Des acteurs économiques en attente de fluidité
Pour les représentants du secteur, la réforme constitue un tournant stratégique, mais elle doit se traduire par des résultats concrets. Le président de l’AIVAM, Abdelouhab Ennaciri, y voit une «étape clé vers une structuration durable et équitable du marché». Il souligne toutefois l’importance de tenir compte des contraintes du terrain pour que la digitalisation produise pleinement ses effets.
Même constat chez Ziyad Kalam, directeur de l’activité VO chez Stellantis, pour qui la plateforme mise en place a «renforcé la sécurité des transactions et réduit les délais», même si l’accès aux services reste inégal selon les régions. Les professionnels plaident pour une mise en œuvre uniforme sur le territoire et une meilleure coordination entre les institutions concernées.

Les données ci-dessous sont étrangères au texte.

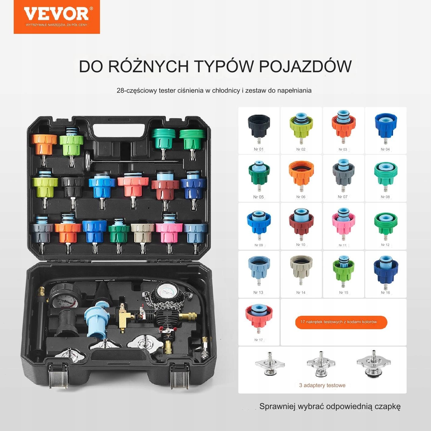 Тестер тиску охолоджуючої рідини та набір для заправки, що складається з 28 частин, створені для максимальної сумісності. Включає 17 кольорових тестових ковпачків і 3 тестові кришки, що дозволяє легко визначити правильний адаптер для вашого автомобіля. Цей комплект є ідеальним рішенням для широкого спектру моделей автомобілів - японських, європейських та американських.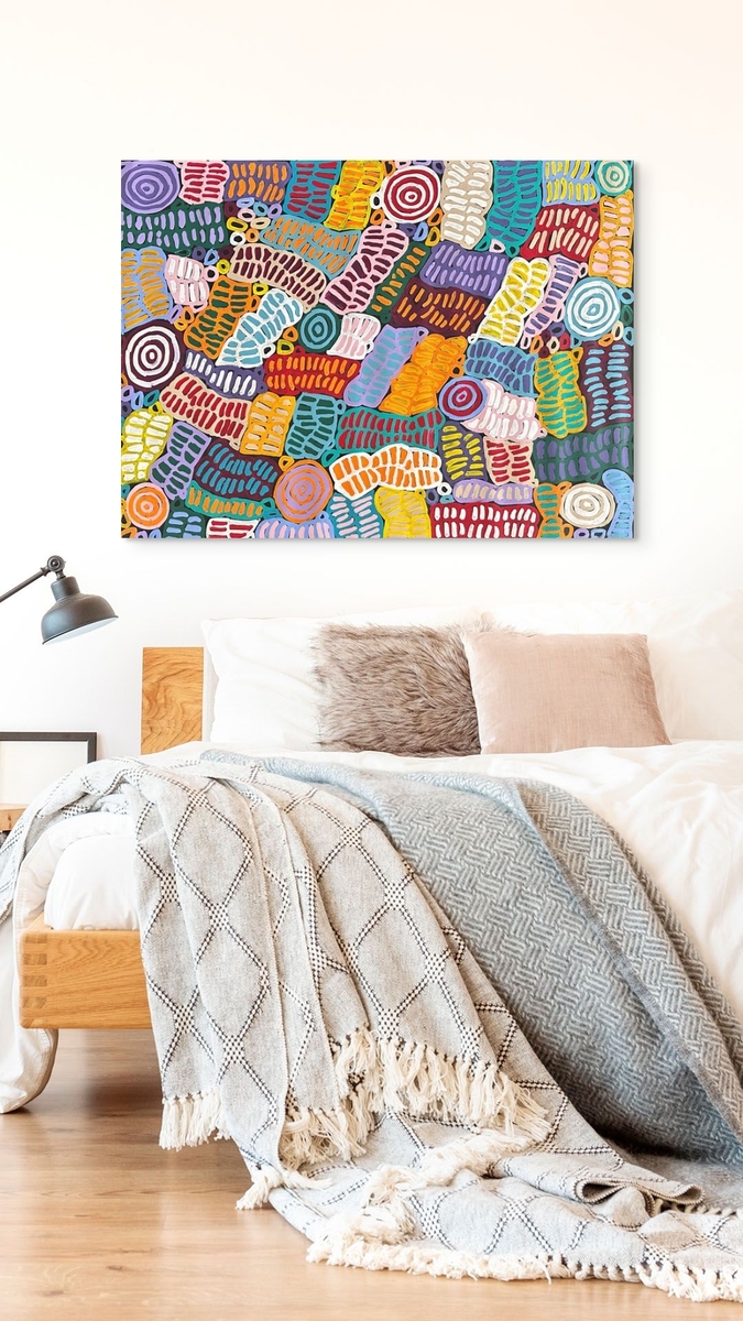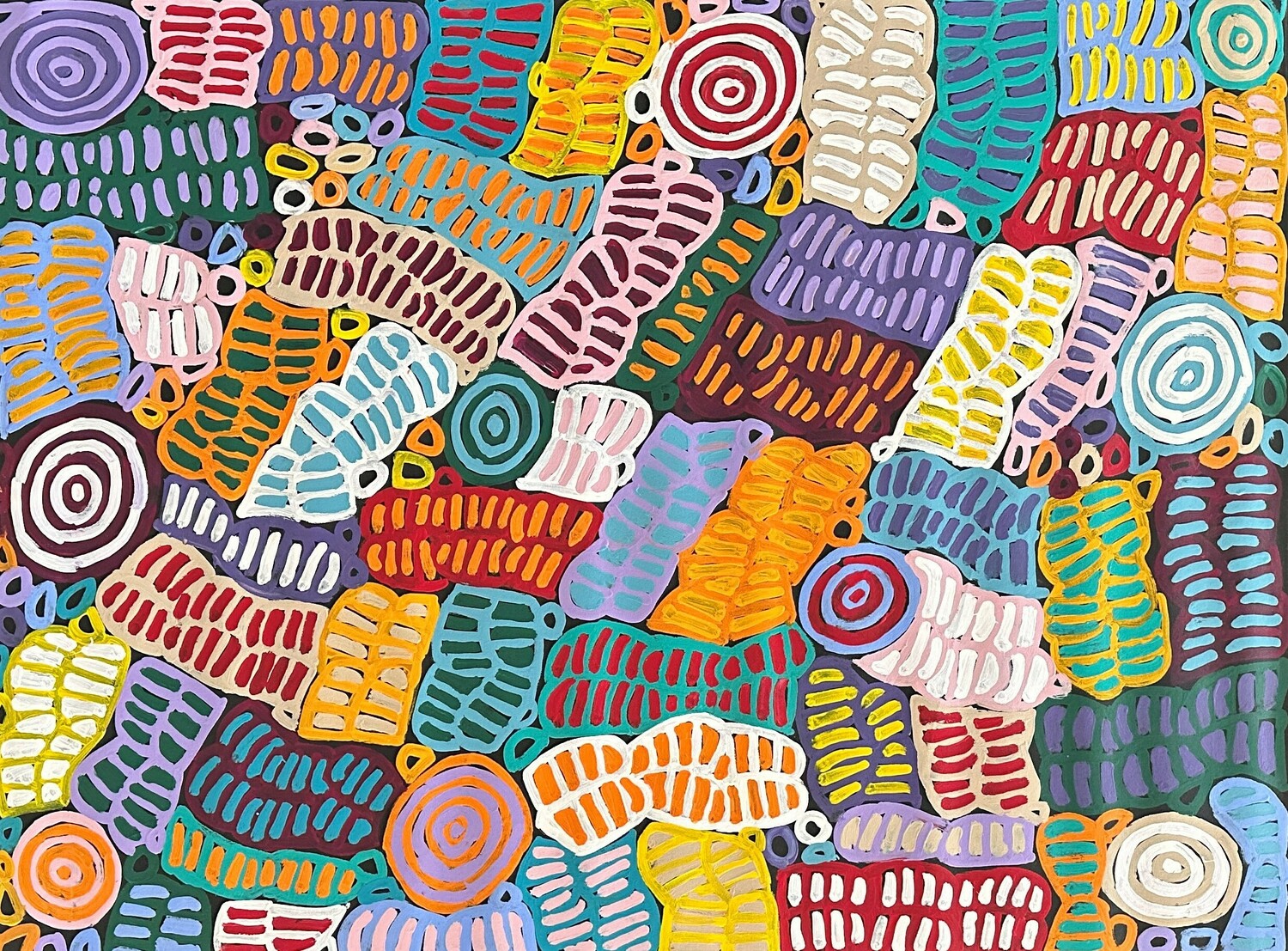 The bold linear pattern of stripes and curves throughout Dora’s painting illustrates the Awelye. After smearing their bodies with animal fat, the women trace these designs onto their breasts, arms and thighs, singing as each woman takes her turn to be ‘painted-up’. Their songs relate to the dreamtime stories of ancestral travel, dance and other totemic plants, animals and natural forces. Awelye demonstrates respect for the land. In performing these ceremonies they ensure well-being and happiness within their communities. The concentric circles underneath this painting represent the waterholes. The small circles depict the Anemangkerr.

L’informel, une résistance persistante
Au-delà des aspects techniques, la réforme s’attaque à une réalité plus profonde : le poids du secteur informel. Les ventes par procuration, souvent utilisées pour contourner les droits de mutation, continuent de représenter une part importante du marché. Bennacer Boulaajoul reconnaît que cette pratique «fragilise la transparence et la sécurité juridique des transactions».
Pour y remédier, la NARSA agit sur plusieurs leviers : simplification des démarches, sensibilisation du public et encadrement des intermédiaires. Des mécanismes de certification et d’agrément sont en préparation pour inciter les vendeurs et acheteurs à passer par les circuits formels. Les acteurs privés, eux, insistent sur la nécessité d’une cohérence globale. «Action coordonnée entre institutions publiques et entreprises, le marché informel continuera de dominer», alerte Khaled Salim, directeur général de GlobalOccaz.

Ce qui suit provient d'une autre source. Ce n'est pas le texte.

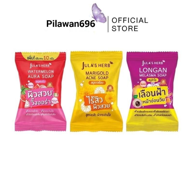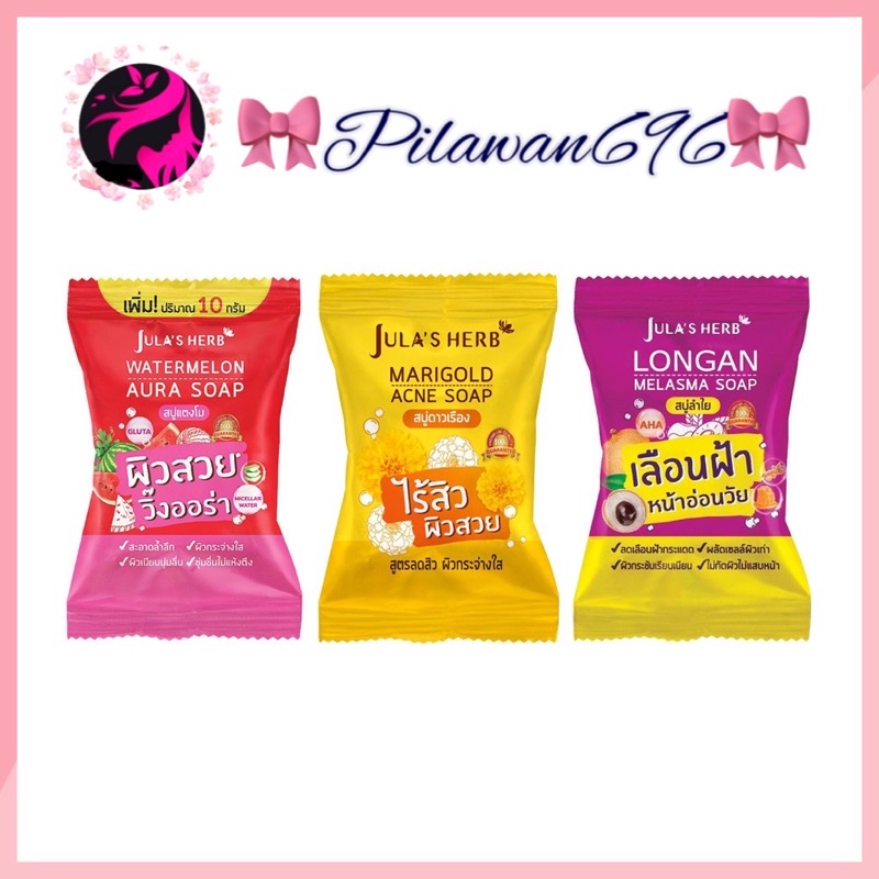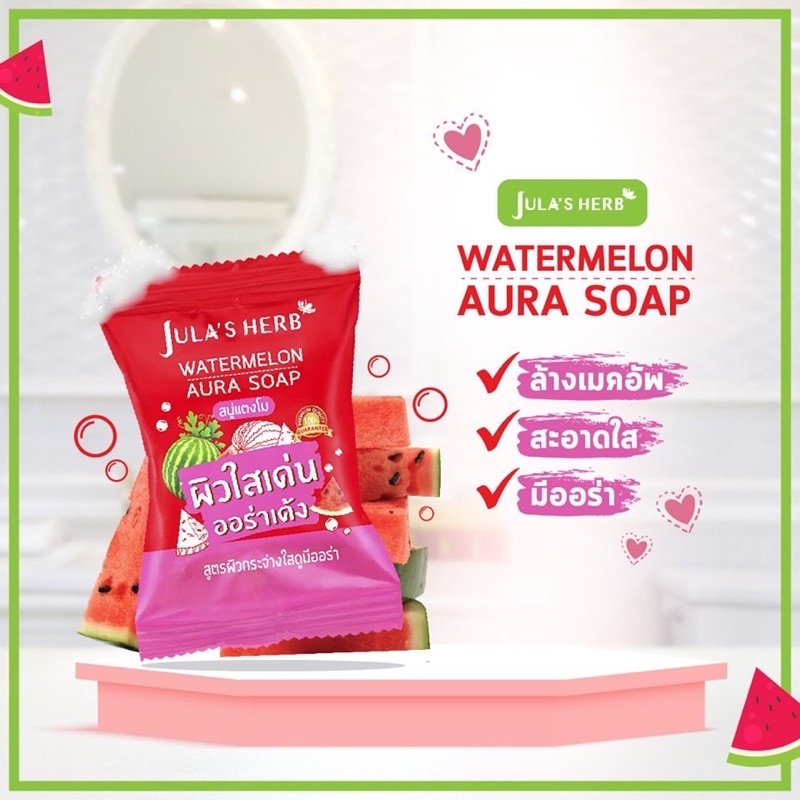 สบู่แตงโม สบู่ลำไย สบู่ดาวเรือง จุฬาเฮิร์บ วอเตอร์เมลอน ออร่า โซฟ Jula’s Herb Watermelon Aura Soap
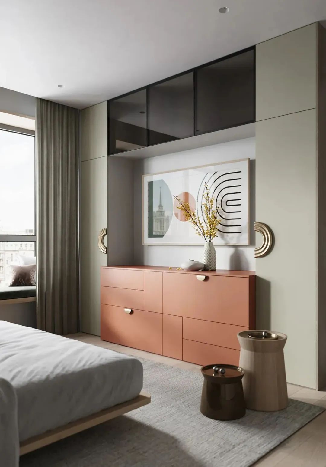 一直以來床頭柜因?yàn)樗墓τ枚嬖,不妨試試一體化的床+床頭柜+衣柜。不僅解決了搭配床頭柜難的問題,也減少了臥室的衛(wèi)生死角,讓休息區(qū)更為干凈整潔通透。

Un cadre réglementaire en évolution
La réforme s’accompagne de nouveaux textes. Un décret adopté le 25 juin 2025, en attente de publication au Bulletin officiel, autorise désormais l’immatriculation d’un véhicule dans la ville de l’acheteur ou du vendeur, et non plus seulement à l’adresse du propriétaire initial.
Cette mesure, selon Adil Bennani, « permettra de fluidifier le processus d’achat-revente et de lever des freins administratifs anciens». La NARSA prévoit également d’ouvrir son nouveau système d’immatriculation à tous les professionnels de la vente automobile, y compris ceux du véhicule d’occasion. Ce dispositif, actuellement en phase de test, sera déployé progressivement.

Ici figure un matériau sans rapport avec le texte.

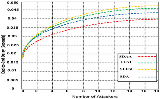 We analyze and discuss the end-to-end delay of the simulation result of the proposed SDAA protocols and compare it to the other standard secure MAC protocols, including SFSC, SDA, and EEST, for determining the network’s end-to-end (E2E) delay. Thus, the E2E delay of the network is determined by the total time data takes to reach base station (BS). This includes encryption time at underwater sensor nodes (USN), aggregation time at CH, transmission time from CH to BS, and decryption time at BS. Figure 4 depicts the results of the end-to-end delay for all the approaches. When malicious attackers are increased from 1 to 18, as shown in Figure 4, the delay of the proposed SDAA protocol increases from 0.017 to 0.039. However, the delay of the SDA approach increases from 0.018 to 0.043, the delay of EEST increases from 0.018 to 0.047, and the delay of SEFSC increases from 0.018 to 0.048. Hence, the delay of the SDAA protocol is 18.2% lesser than other contending approaches.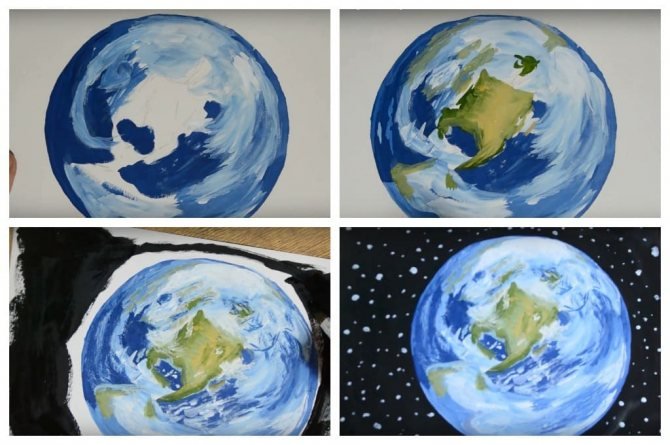 ![Земля с космоса гуашью]()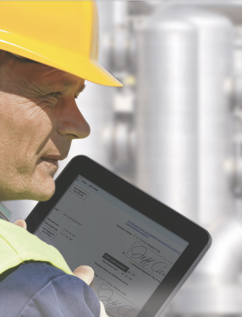 Atom is a comprehensive mobile fleet management app that allows fleet owners to manage operations from a tablet or smartphone. Dispatchers, sales managers, operators and service managers use Atom to create quotes and work orders, assign work to mechanics, enter labour, capture signatures on a job site, perform safety checklists and check in on the status of jobs for any given time period.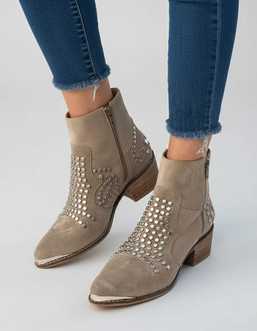 Kotníkové boty Zoya v boho stylu kombinují měkký semiš s výraznými kovovými cvočky. Moderní a zároveň nadčasový design, který podtrhne každý outfit – od džínů až po ležérní šaty.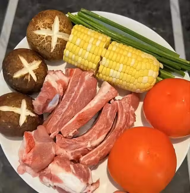 番茄炒出汁後加入切好的排骨,玉米還有香菇翻炒均勻。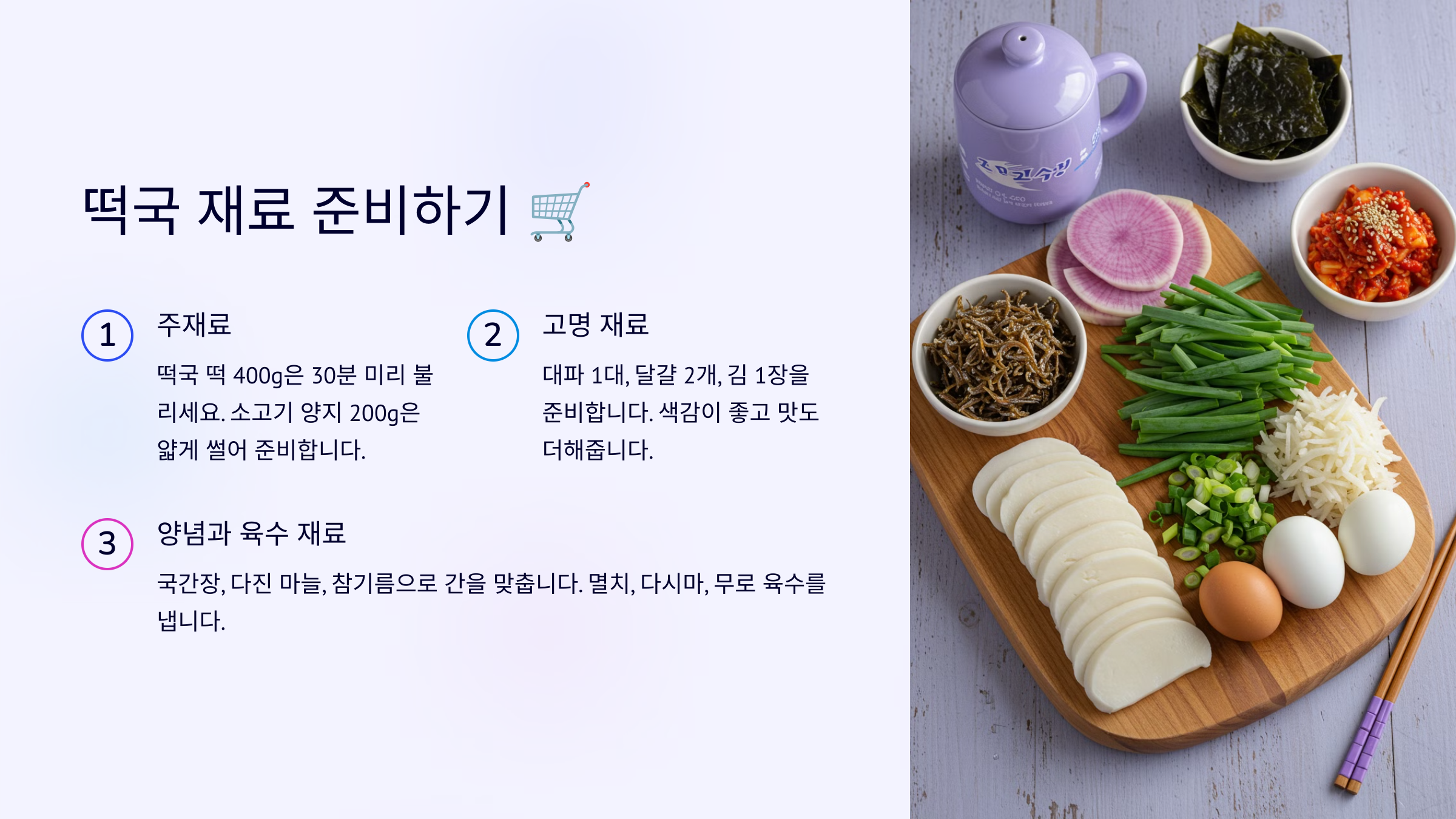 1. 떡국 재료 준비하기 🛒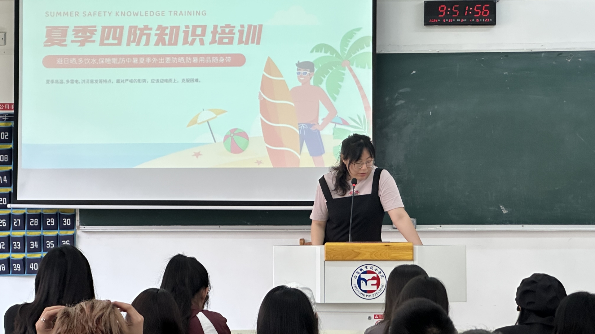 首先,刘妍从“防雷电”、“防洪防火”、“防溺水”、“防中暑”四个方面讲解了夏季四防的相关知识。她强调了“防雷电”的重要性,提醒大家在雷雨天气中避免在空旷地带或高处逗留,尽量远离金属物品和电器设备,以防雷击事件的发生。接着,刘妍讲解了“防洪防火”的要点,在夏季多雨季节,同学们要关注天气预报,做好防洪准备,避免前往低洼地带或洪水易发区域,她着重讲解了防火安全的重要性,提醒大家注意用电安全,不乱丢烟蒂,不私拉乱接电线,避免火灾事故的发生。随后,刘妍针对“防溺水”进行了详细阐述。她指出,夏季是溺水事故的高发期,同学们在游泳或戏水时要特别小心,不要在没有安全设施的地方游泳,避免单独行动,最好有家长或老师的陪同,她还突出了学习游泳技能的重要性,以便在紧急情况下能够自救。最后,刘妍介绍了“防中暑”的知识。她提醒大家,在高温天气下要注意补充水分和盐分,避免长时间暴露在阳光下,穿着透气轻便的衣物,保持室内通风和降温。如果出现中暑症状,要及时采取措施,如服用解暑药物、前往阴凉处休息等,必要时要寻求医疗救助。

Vers une nouvelle culture de la transaction automobile
La digitalisation ne représente pas seulement une modernisation administrative : elle traduit un changement de culture économique. «Le marché de l’occasion entre dans une ère de traçabilité et de professionnalisation», estime Thibault Paland, directeur général de Renault Commerce Maroc, qui y voit l’opportunité d’instaurer «des standards de qualité et de transparence comparables à ceux du neuf».
Pour Hajar Bababrik, directrice de JLR, cette mutation doit s’accompagner d’«incitations fiscales et d’un meilleur accès au financement» pour encourager la formalisation. Même approche pour Rhita Chahir, directrice de Kia Occasion, qui considère que la digitalisation «pose les bases d’une transformation structurelle du marché».
Une réforme encore à consolider
La NARSA a initié un mouvement de fond vers un marché plus transparent et sécurisé. Mais le succès de cette réforme dépendra désormais de trois facteurs : la stabilisation du système numérique, la coordination entre les institutions partenaires et l’adhésion effective des professionnels et des citoyens.
El Mahdi Moukni, directeur VO de Toyota Occasions, y voit «une dynamique déjà perceptible, mais qui doit se consolider dans le temps pour atteindre son plein effet». En toile de fond, cette réforme illustre la volonté des autorités de faire du numérique un levier de gouvernance et de confiance économique. Reste à transformer l’essai : passer du cadre à la pratique, et de la vision à l’efficacité.